Friday, December 30, 2011

New Article: The Sweet Science of Skiing

Penned for SkiTrax Magazine: Visit SkiTrax Here

Riding the cable car up, up, up high into the high Austrian air to the Dachstein Glacier for the first time, I get the feeling Garrison Keillor echoes on his News from Lake Wobegon when he says “All the women are strong, all the men are good looking, and all the children are above average.” Packed six tight into the tiny aluminum tin, you can’t help but look around and think all the young women around you are strong and good-looking and above average. Here, though, this isn’t some Lake Wobegon effect – our universal, natural tendency to overestimate one’s capabilities. Rather on that first ride up to the Dachstein Glacier, you know this is the big leagues. For good reason. Standing shoulder to shoulder to Axel Teichmann, Timmy Tschanke, or Justyna Kowalczyk, one gets the very real sense they are no longer skiing in the sandlot.

As a sometime writer, mornings begin with my mind wondering off to write stories about the people I meet. One morning it’s about the fifteen-year-old Finnish girl with her father and the improbably tall Thomas Algaard. It’s then when it hits me: the three of us – all of us, really – are writing our own unique chapters to the same book on our love affair with skiing. That same morning, the clouds and the setting and the sunrise are just perfect. Fortunately, I have my Canon G9 camera tucked away in the backpack with the change of clothes, Bartlett pear and thermos full of chalky chocolate flavored recovery drink. I snap the picture and send it off to the world.
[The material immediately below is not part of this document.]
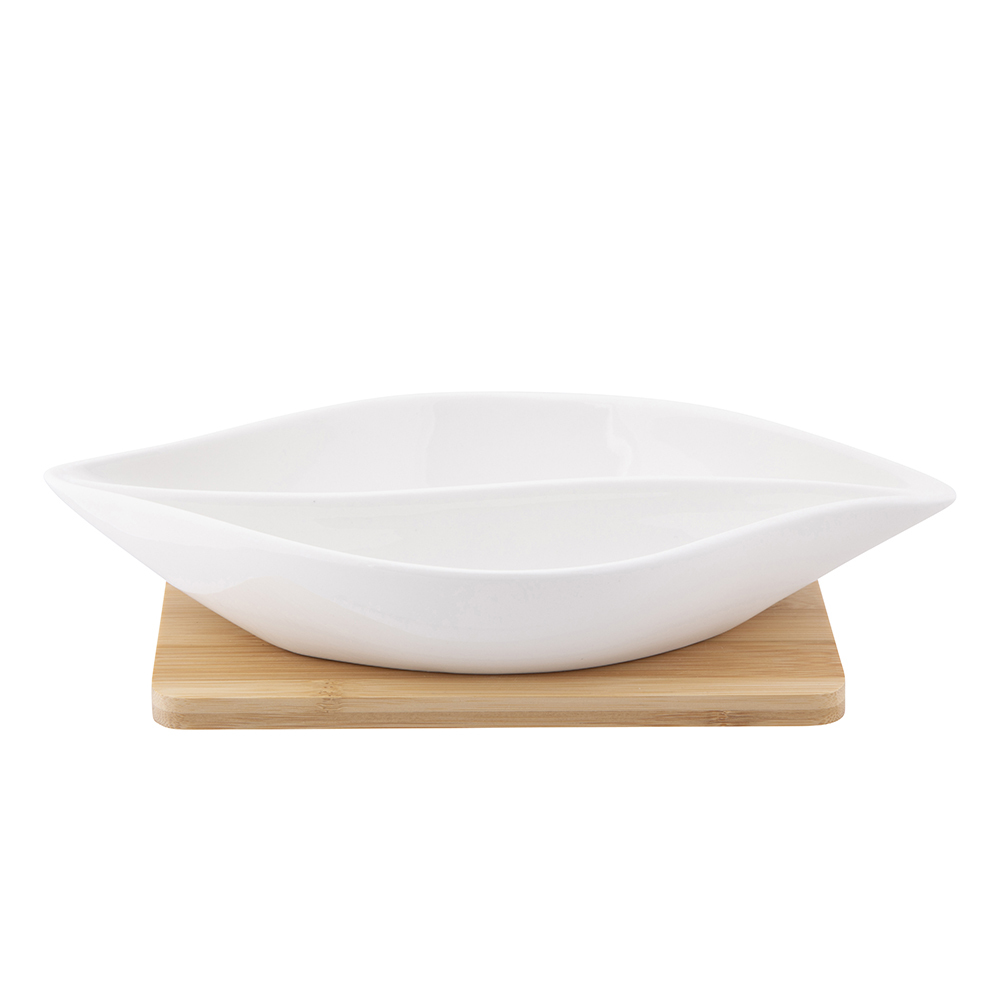 REGULAR PORCELÁNOVÁ DĚLENÁ MISKA 26X14X4CM NA BAMBUSOVÉ PODLOŽCE 19.5X19.5X1CM

When I get back to the hotel just over two hours later, former American World Cupper Dan Simoneau (World Cup Best: 2nd; 7th 1983 World Cup Overall) has left a message. Simoneau’s terse prose reads like poetry. “Great photo, Torin. I'm jealous that you are skiing on snow that has so many drops of gold medal sweat. Rub it well. Throw some over your shoulder. Burn some to the Gods. But most importantly, melt it with hard work, focus, and determination. I believe.” Reading these words the first time sends a shiver down my spine. I know what Dan says is true.

I’ve been to the area many times before, though only in the heart of winter. The Ramsau trails wind through valley, canyon and race loops from the 1999 World Championships for a total of 180 kilometers. I could easily work for the town’s media department: I wouldn’t trade one day of skiing Ramsau for anywhere else.

And yet somehow, coming to Ramsau in October is even more special. Maybe it’s because for most, October is the toughest time of the training year. You are still putting in big hours. You are a little sick of the dryland. There really isn’t any good or consistent skiing yet. As a racer you have the itch – and a little bit of anxious anticipation – to get on with the season, and visit with those friends for whom you only seem to meet up with along the trails.

Getting into Ramsau, I flew to Munich then took the train to a tiny town in Germany where I meet up with Swiss National Teamers Mauro Gruber, Eligious Tambornino, and Martin Jaeger, sprint specialists all. Over the next two weeks, I will meet up with the Swiss athletes from time to time, though rarely for the same on-snow workout. This can be chalked up to the sweet science of cross-country ski training. The Swiss athlete’s are in specific race sharpening training for the race season’s start, coming in two week’s time. The Swiss athletes also don’t believe in doing anything except low intensity long distance training on the glacier, due to its altitude 2700M (8,370ft). Instead, they distance ski in the mornings on Dachstein, then do intensity or strength or speed in the valley below. What they miss out on in real-snow feel they feel they make up in spades with the faster movements of speedy Marwe rollerskis with the low resistance zero wheels.

For Ramsau, I’m joining up with a Norwegian team comprised from the seven small towns that border the hills around Lillehammer. These Norwegians from Team Sjusjoen are more distance-oriented and believe in getting on-snow twice a day. Unlike the Swiss or the Germans, they believe in the trade-off of doing controlled threshold intensity at this high altitude. Most days I ski with the young up-and-comer Simen Sveen. You haven’t heard of him before, but you will soon enough. As a twenty-two year old in med school, Simen was 3rd in the Norwegian Cup Series and 4th at the Norwegian National 50 kilometer.

Simen’s motivation is the kind you rarely see. The young up and comer has just tasted success. He can only see himself getting better and achieving more in the ski tracks. The longer someone can keep this feeling burning bright inside their emotional engine can say more than technique or tactics or V02 max test scores. Right now, all are headed up, up, up for Mr. Simen. It is a wordless spectacle in itself. Like all extreme but perishable actions, watching skier find their inspiration, excites the writer. It also burnishes his instinct to bear witness.

It’s not altoghether different than slide down the window on the cable car, sticking your head out into the cold alpine air and breathe in the oxygen, the sights, and the opportunities that lie ahead for you. If you have the chance to ski the Dachstein, take it. Your love affair with skiing will only go stronger. Just remember that in this little corner of the world all the women really are strong, all the men are good looking, and all the children are above average.